Although the recruitment of transcription factors to their binding sites by HMGB proteins has been studied with naked DNA in vitro, these interactions occur in the context of DNA organized into nucleosomes in vivo. In this situation the binding of an HMGB protein to a nucleosome core particle close to an exit/entry point might facilitate the binding of a transcriptional activator or repressor to an internal site (Fig. 3D) by loosening the wrapping of histone-bound DNA. Both in this case and in the recruitment of a remodelling complex, the essential role of the HMGB protein would be to change nucleosome structure, and thereby to reduce the activation energy for the establishment of a complex with either the remodelling machinery or a transcription factor. This model does not exclude the possibility that during directed remodelling an HMGB protein itself could also migrate within a DNA loop around the histone octamer, incurring little or no energy penalty by the successive breakage and reformation of electrostatic contacts (a Manning walk).

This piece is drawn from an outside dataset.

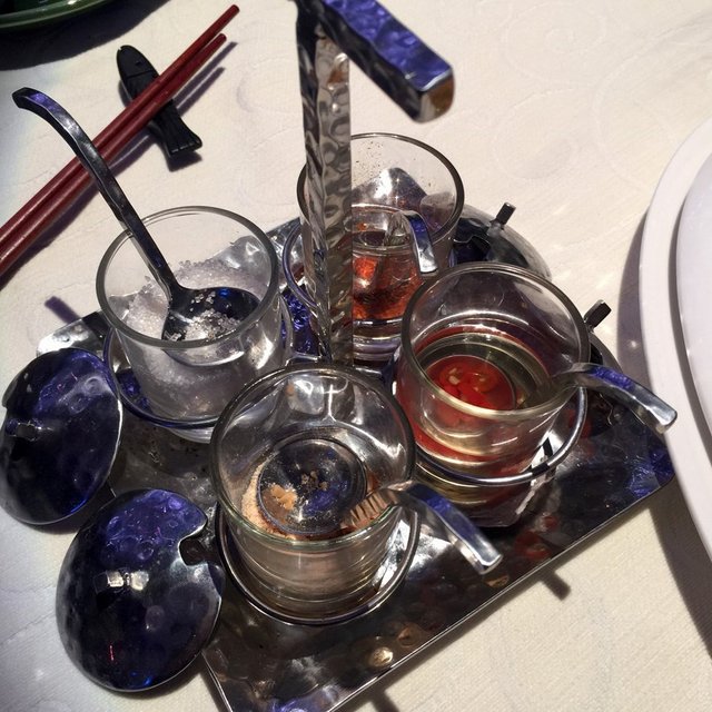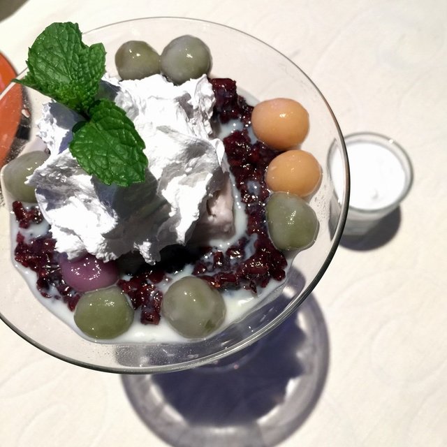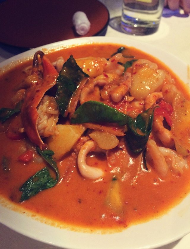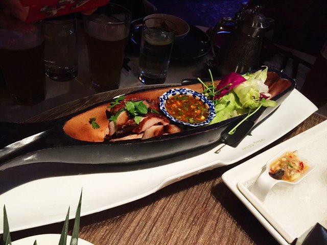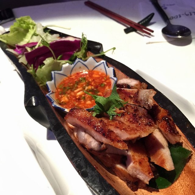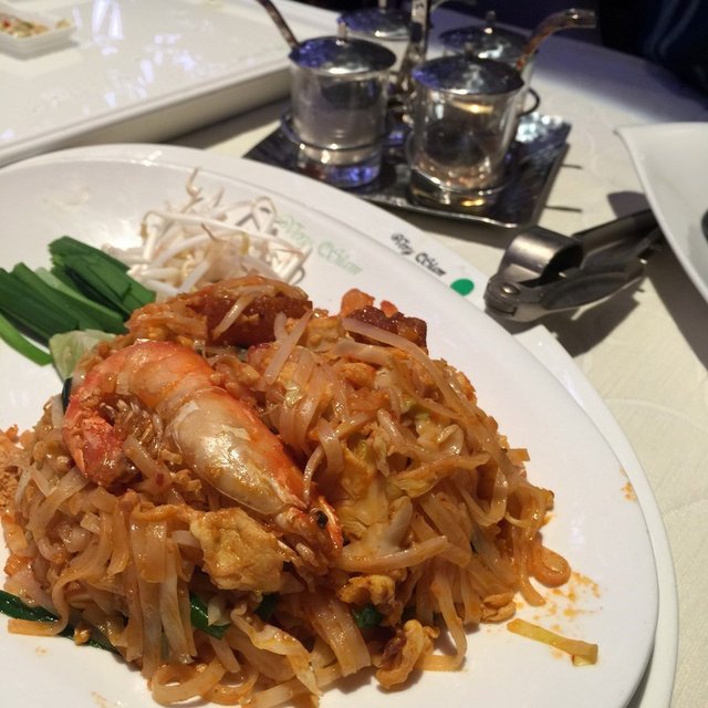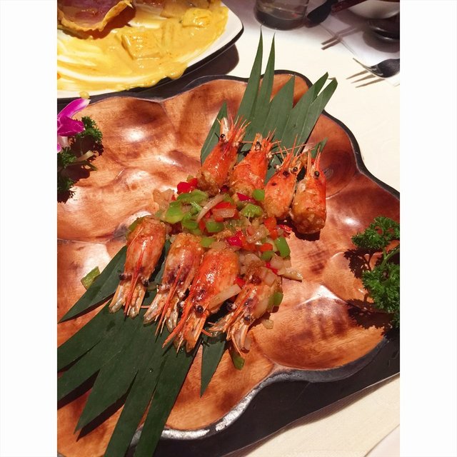 废话不多说直接进入正题,七点半到店,我提前一点就到了,在会展中心D出口,出口走出来有一个玻璃门,从玻璃门纸通往广场,直接走到底就是。店外面还有花园,还有露天的座位,走进店里,店里装修很泰国风,比如佛像什么的,走到我们那桌,看见圆桌子上摆着三个大西瓜雕花,人齐了之后经理开始介绍,说这是为了接待尊贵客人的礼仪,这个西瓜只能看(心里在想好浪费啊= =给我吃嘛)是大厨今天花了三个钟雕出来的。介绍完拍照之后就把西瓜撤了开始上饮料,有芒果汁、榴莲牛奶、水果茶、泰式奶茶,没人都不一样,= =没喝到想喝的。然后经理开始介绍香料,有青芒果,香茅(长的那个细细的)还有泰国香菜之类的,他那个姜我闻了一下很香,而不是刺鼻,有一种甜甜的味道。【金錢蝦餅 118】用一个船一样的器皿装着萝卜雕的可爱的小象端上来的,虾饼只有四块,等我们拍照完之后就段回去切了,然后再端上来,虾饼是酥软的,不像一般的虾饼是实实的,虾饼蘸着甜甜的酱,让我越吃越饿= =(不过回来看到虾饼118的价格我也是吓到了)【酸辣生虾 198】端上来的时候有几个虾头还在动,这道菜是生吃虾身,虾头是要拿回厨房炸一下再端上来的。平常都不怎么吃生的我,拿着生的虾身,倒吸一口冷气,还是吃下去了,没有想象中可怕,脆脆的,酸辣酸辣的,口感很滑,还不错。虾头炸了端上来,主要是吃虾膏。【香叶西米糕 29】【芒果糯米 29】【南瓜糕 29】【椰子糕】觉得都很好吃哈哈哈,【炭烤猪颈肉 88】分量比较少,不过很香,猪颈肉一直都是我的最爱,微甜,又有点韧性,烤的很到位。【菠蘿炒飯 116】一份饭可以分成五碗,炒饭里面有腰果,肉松,菠萝,服务员可以帮你拌匀然后分,想想自己还是第一次吃用菠萝装的炒饭呢哈哈哈。自己本来是讨厌吃肉松的人,不过拌匀之后和菠萝什么的一起吃,反而很香,没有很奇怪的感觉,虽然吃完很想再吃一碗可惜分量不够。谢谢暹罗泰食馆的招待,还有经理的热情,经理是泰国人,在北京学习了商务中文什么的,中文讲的挺溜的。觉得这家店还不错,可以请客户吃饭什么的。…查看更多

Novel conformations of the nucleosome?

An induced alteration of nucleosomal structure by HMGB proteins implies that a major function of these proteins, in conjunction with the linker histone H1, is to modulate an equilibrium between alternative conformations of the nucleosome (Fig. 4). In this model, HMGB proteins would favour a generally more accessible form of the nucleosome, and histone H1 a more inaccessible form. The observed competition between these proteins (Ner et al., 2001) would thus influence not only gross chromatin compaction but also the mobility and overall accessibility of individual nucleosomes. The conformational modulations of nucleosome structure would involve changes in the contacts between individual histones in the octamer, and this internal mobility could be an intrinsic property of the particle (Negri et al., 2001). More specifically, substitutions of variant or modified histones, for example macroH2A (found in the Barr body) and H2A.X, for the normal core histones could alter the susceptibility of the particle to remodelling by modifying internal histone–histone contacts.

Figure 4.

Figure 4

A general model for the function of HMGB proteins. An HMGB protein bound in the vicinity of an exit/entry point induces increased access to both DNA gyres in a spatially restricted patch. Elsewhere the HMGB protein lessens accessibility. The alternative, less accessible conformation of the nucleosome is stabilized by histone H1. Accessible and bound segments of DNA are indicated in orange and red, respectively.